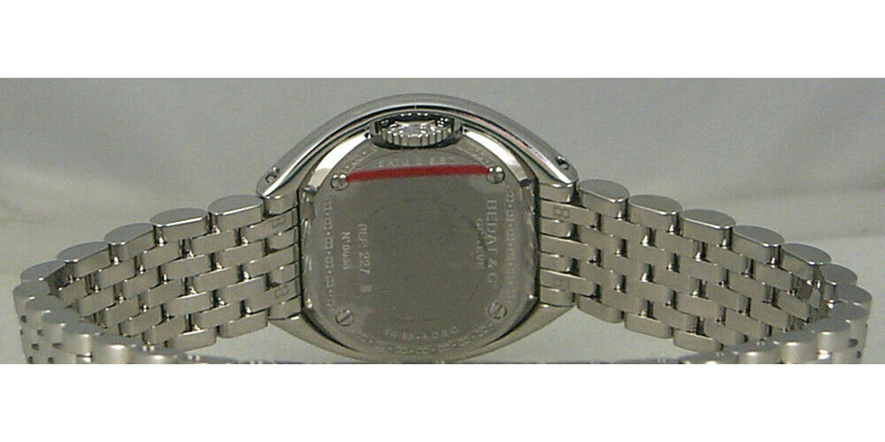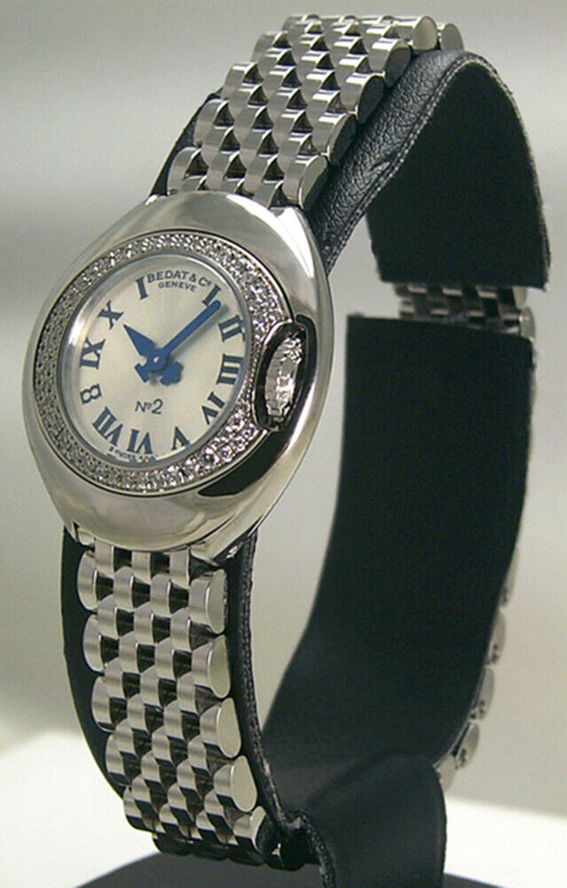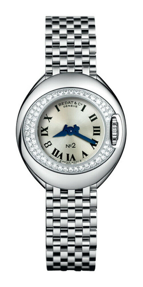 This magnificent Bedat & Co. No. 2 Stainless Steel & Diamond Ladies Luxury Watch Model # 306.333.109 / 306-333-109 will make a perfect gift, or a great addition to your collection. A Bedat No. 2 Swiss timepiece especially designed to be majestic and precise in movement. A sophisticated stainless steel and diamond ladies watch created to rest elegantly around the wrist features a handsome Silver sunburst dial set with blued steel hand indicators, Black Roman Numeral hour markers. Presented in a luxurious Polished stainless steel case and Bedat's signature 'Mille mailles' Bracelet - An extremely comfortable wear, Inner bezel set with 59 diamonds (approximately 0.52 carats), A superior Scratch Resistant Sapphire Crystal protects the dial, Stainless Steel Solid Case back, Precise Swiss Quartz movement, Water resistant to 50 meters/165 feet. As all of our other watches, this Bedat No.2 ladies watch is brand new and comes with the original box, warranty card and papers!
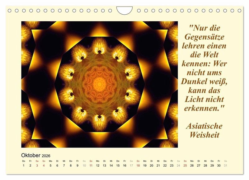 Wunderschöne Mandalas und asiatische Weisheiten laden zum Entspannen ein. Die meditativen Bilder und weisen Zitate sind Wellness für Körper und Seele.
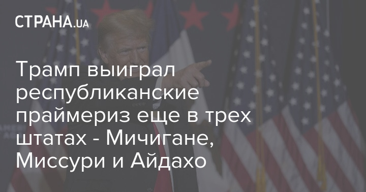 Баллотирующийся в президенты США Дональд Трамп выиграл республиканские праймериз еще в трех штатах - Мичигане, Миссури и Айдахо.
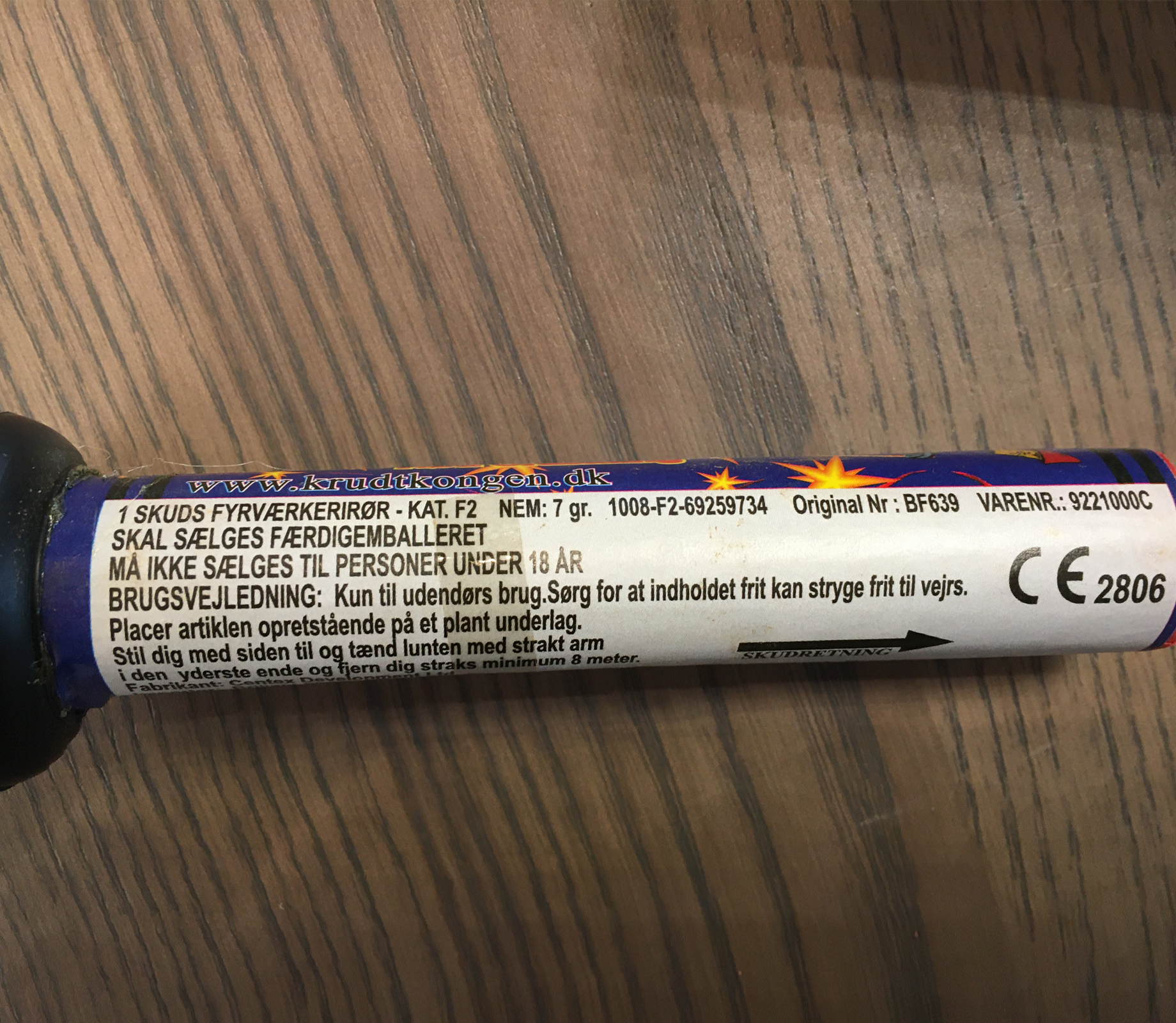 Artiklen 'Thunder King Green Crackling' med CE registreringsnummer 1008-F2-69259734, artikelnummer 9221000c og batch nummer 01-9924000-19 må ikke sælges og skal trækkes tilbage fra markedet.
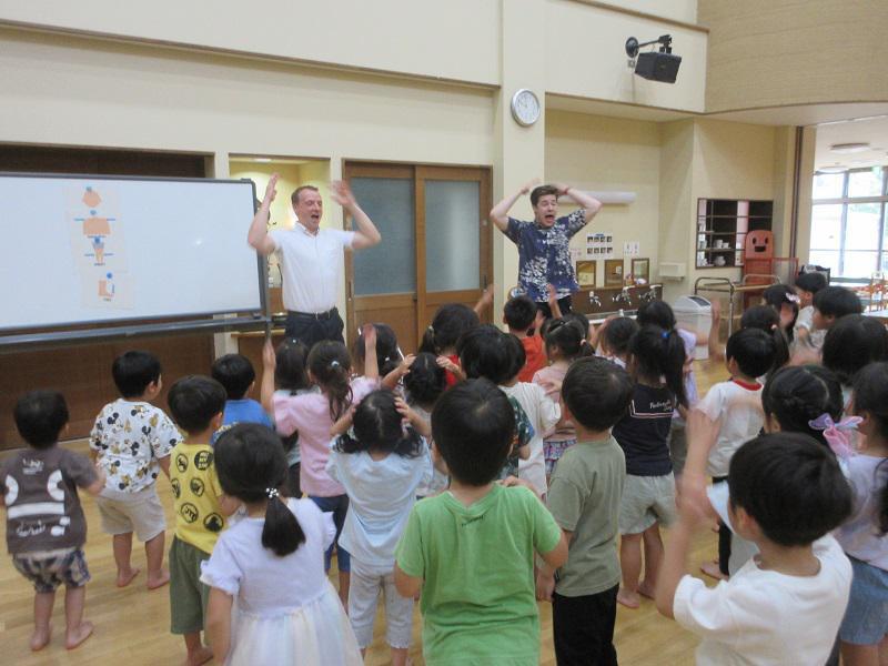 本日は「英語で遊ぼう」でした。2022年9月から米沢市国際交流員に着任された米国ワシントン州シアトル出身のシューベルト・トリートさんが離任されることになり、本日がトリートさんとの最後の「英語で遊ぼう」でした。幼児組さんが心を込めて作成したプレゼントをお渡しして2年間の感謝の気持ちを伝えました。トリートさんはこれからもお元気でご活躍頂きたいと思います。ありがとうございました。
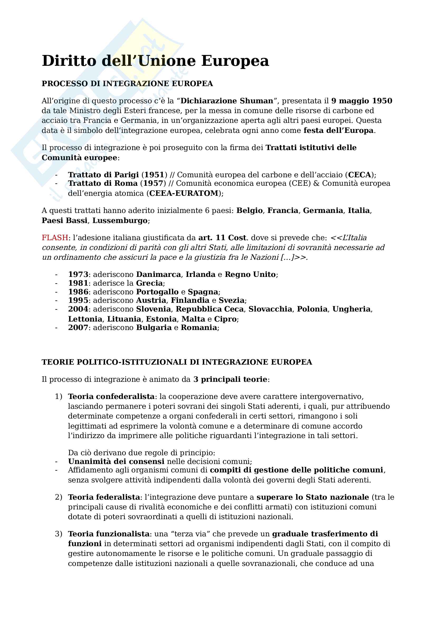 Appunti di Diritto dell'Unione Europea from www.skuola.net
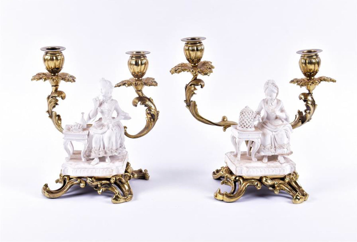 Pair of Ormolu Candle Holders with 18th Century Biscuit Figures
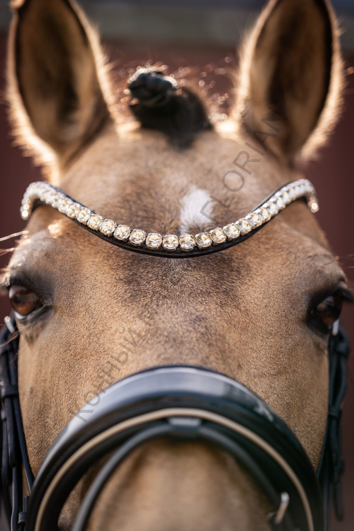 - Изогнутый налобный ребень, декорированный стразами
● ● ●
What is needed is an exact copy of the entries, without any images.

 This magnificent Bedat & Co. No. 2 Stainless Steel & Diamond Ladies Luxury Watch Model # 306.333.109 / 306-333-109 will make a perfect gift, or a great addition to your collection. A Bedat No. 2 Swiss timepiece especially designed to be majestic and precise in movement. A sophisticated stainless steel and diamond ladies watch created to rest elegantly around the wrist features a handsome Silver sunburst dial set with blued steel hand indicators, Black Roman Numeral hour markers. Presented in a luxurious Polished stainless steel case and Bedat's signature 'Mille mailles' Bracelet - An extremely comfortable wear, Inner bezel set with 59 diamonds (approximately 0.52 carats), A superior Scratch Resistant Sapphire Crystal protects the dial, Stainless Steel Solid Case back, Precise Swiss Quartz movement, Water resistant to 50 meters/165 feet. As all of our other watches, this Bedat No.2 ladies watch is brand new and comes with the original box, warranty card and papers!
 Wunderschöne Mandalas und asiatische Weisheiten laden zum Entspannen ein. Die meditativen Bilder und weisen Zitate sind Wellness für Körper und Seele.
 Баллотирующийся в президенты США Дональд Трамп выиграл республиканские праймериз еще в трех штатах - Мичигане, Миссури и Айдахо.
 Artiklen 'Thunder King Green Crackling' med CE registreringsnummer 1008-F2-69259734, artikelnummer 9221000c og batch nummer 01-9924000-19 må ikke sælges og skal trækkes tilbage fra markedet.
 本日は「英語で遊ぼう」でした。2022年9月から米沢市国際交流員に着任された米国ワシントン州シアトル出身のシューベルト・トリートさんが離任されることになり、本日がトリートさんとの最後の「英語で遊ぼう」でした。幼児組さんが心を込めて作成したプレゼントをお渡しして2年間の感謝の気持ちを伝えました。トリートさんはこれからもお元気でご活躍頂きたいと思います。ありがとうございました。
 Appunti di Diritto dell'Unione Europea from www.skuola.net
 Pair of Ormolu Candle Holders with 18th Century Biscuit Figures
 - Изогнутый налобный ребень, декорированный стразами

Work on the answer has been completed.